The representation of molecules is another excellent example. In this case, the atoms of molecules are the nodes of the graph, and the chemical bonds between atoms are the vertices or edges that connect the graph nodes. By using a graph neural network on the representation of molecules as graphs you can start a process of discovering new medicinal drugs that can better combat diseases or various medical conditions.

In July 2022, AlphaFold 2, a graph neural network, was able to provide structure predictions for nearly all of the proteins known to science. This solved a 50-year-old problem in biology.

Of course, there are various other applications where graph neural networks have the potential to perform well. Some of those are combinatorial optimization, object detection, image classifications, machine translation, and social media recommendation systems.

Graph neural networks have seen increased research in recent years.
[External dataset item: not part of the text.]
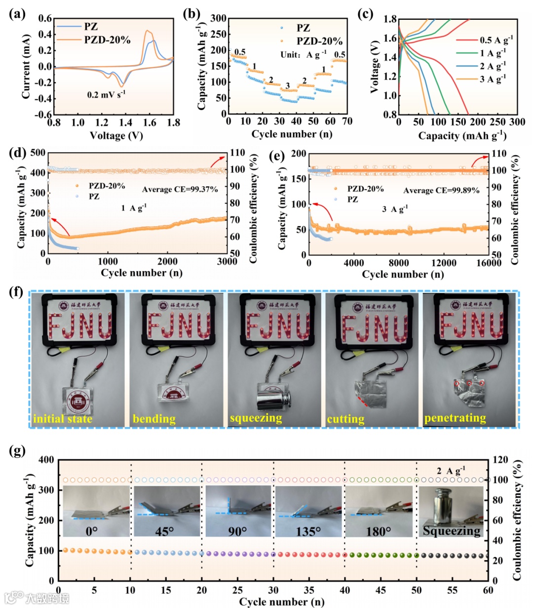 为了测试PZD在实际应用中的能力,使用含有DMF的电解质组装Zn||MnO2全电池,在3 A g-1电流密度下循环达到16000圈,且使用软包电池在不同的弯折角度以及重物和剪切的条件下能够点亮灯牌并且维持电池稳定循环,证明PZD水凝胶电解质实际应用的可行性。
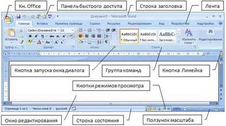 Интерфейс текстового процессора Word состоит из следующих элементов.

There is a good chance that we will see more graph neural networks in the future, as they are flexible and can be adapted to tasks that other neural networks cannot solve.

Conclusion

There has been a surge of investment in Deep Learning research and commercialization, due to its potential to solve complex problems across a wide spectrum of industries. However, a major challenge in Deep Learning is the lack of understanding of how neural networks function internally and the lack of testing and analysis in the development process, which can lead to model failures once deployed and a lack of trust.

Tensorleap enables data scientists to improve their models and mitigate the risk of failures with a variety of explainability, analysis, and visualization tools. By incorporating Tensorleap into the development process and increasing explainability in neural networks, we will help drive more innovations in 2023 and beyond.